The silo for storing coal is described below as an example.

As shown in fig. 1 and 2, a sleeve-type self-revolving screw unloader is arranged at the bottom in the storage bin, the near end of the sleeve-type self-revolving screw unloader is positioned at the center of the storage bin, the far end is positioned at the circumference of the inner wall of the storage bin, and the far end revolves along the inner wall of the storage bin by a driving mechanism.

The sleeve type autorotation spiral unloader comprises an outer sleeve 1, a spiral unloading mechanism 2, a central driving device 3 and a far-end revolution driving device consisting of a driving gear 4, an upper rack 5, a lower rack 6 and a gear reduction box 7.

The sleeve type self-revolving screw unloader is provided with a built-in screw unloading mechanism 2, the outside of the screw unloading mechanism is provided with a rotary outer sleeve 1, and the outer sleeve consists of one or more layers of wear-resistant steel cylinders. The sleeve type autorotation spiral unloading machine revolves around the circumference of the bottom of the inner wall of the storage bin, the outer rotating sleeve drives the speed reducing mechanism and the driving gear at the far end to drive, the driving force is on the inner wall of the storage bin, compared with the mode that the rotating mechanism is driven to revolve at the central part of the storage bin in the prior art, the driving mechanism is arranged at the far end of the periphery, the driving force arm is greatly increased, the requirement on the driving force is greatly reduced, and the requirements on the mechanical strength and the driving power of the whole rotating mechanism are greatly reduced.

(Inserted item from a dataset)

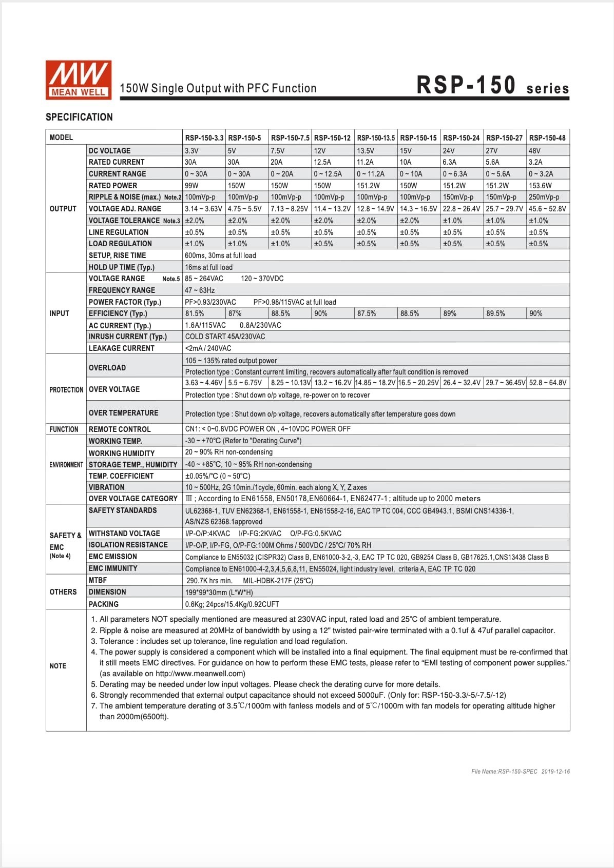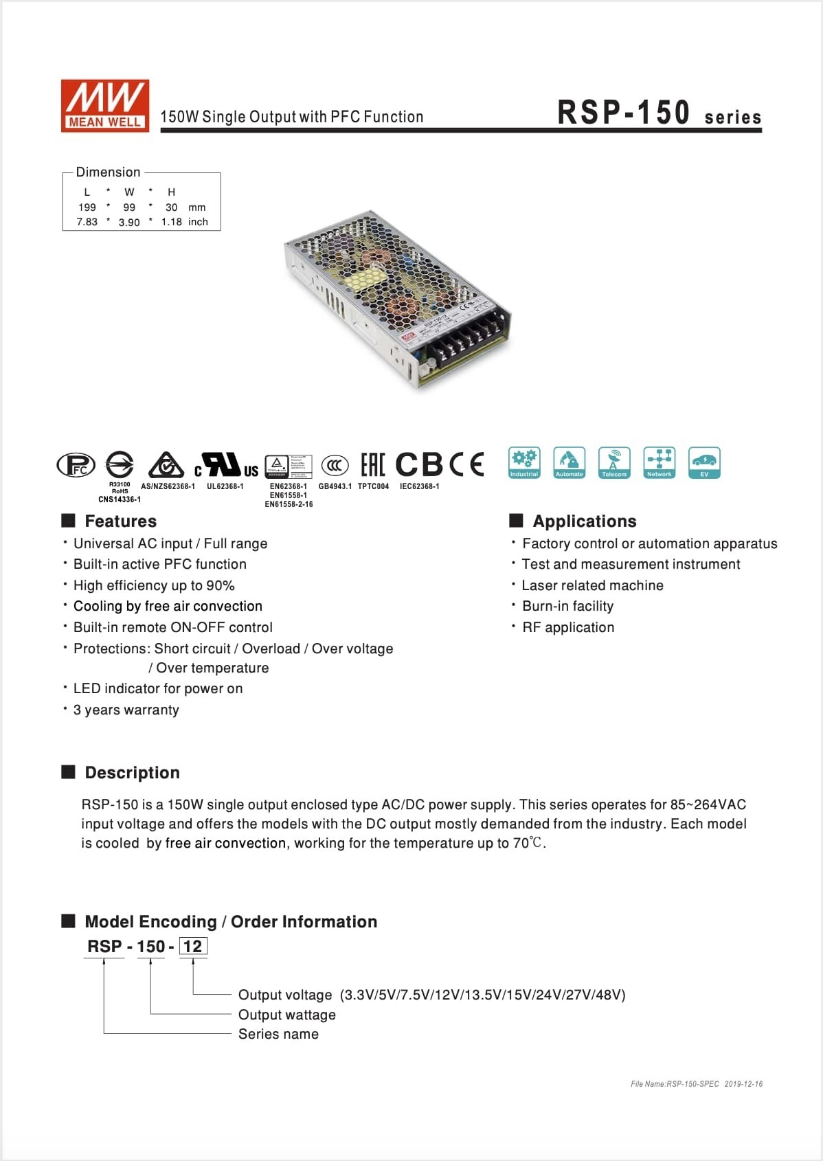 Product Type : Switching Power SupplyBrand: MEAN WELLProduct model name: RSP-150-12 |

The outer sleeve 1 is provided with a blanking hole for dropping the material outside the sleeve into the sleeve in a rotary digging mode. The blanking holes are scattered on the sleeve, continuous blanking holes are formed in the axial direction, staggered arrangement is carried out in the circumferential direction, continuous through holes cannot be formed while the blanking is continuously carried out in the axial direction in a rotary digging mode, and the integral rigidity strength of the sleeve is guaranteed. For example, each blanking hole is 1000-2000mm in axial dimension, the width is 200mm, two separated holes are staggered by 90 degrees along the outer wall of the sleeve at the outer circumference, and meanwhile, two blanking holes are axially connected end to form an axially intermittent and complete 200mm wide blanking hole belt, so that the material is ensured to fall in the axial direction without dead angle, and meanwhile, the outer cylinder structure is ensured not to have overlong open hole belt breakage to influence the structural strength of the outer cylinder. The specific size of the blanking hole can be adjusted according to the material characteristics and the output requirement.

Each blanking hole on the outer sleeve is rotated, and a protruded wear-resistant rack-shaped scraping plate for rotary excavating materials is arranged on the middle part or two side edges in the circumferential direction, so that the rotary excavating device can ensure that the rotary excavating materials can smoothly fall into the blanking holes of the sleeve no matter the sleeve rotates forwards or backwards. The height of the scraping plate is selected to ensure normal rotation of the outer sleeve, and the specific height is selected according to the requirements of material characteristics, rotary digging resistance, maximum torque of sleeve rotation, material output and the like.

The rotary outer sleeve is provided with a far-end revolution driving device at the far end, the rotary outer sleeve is connected with racks arranged along the circumference of the bottom of the inner wall of the storage bin through a speed reducing mechanism and a driving gear, power is transmitted through the rotation of the outer sleeve, the far-end driving gear moves along the racks to realize the revolution of the sleeve along the inner wall of the storage bin, and the rotation of the outer sleeve rotates to carry out rotary excavating and discharging operation on materials at the bottom of the bin. The rotation and revolution speeds of the outer sleeve are specifically determined by the requirements of the discharging mechanism, and the like, and are adjusted by the control system.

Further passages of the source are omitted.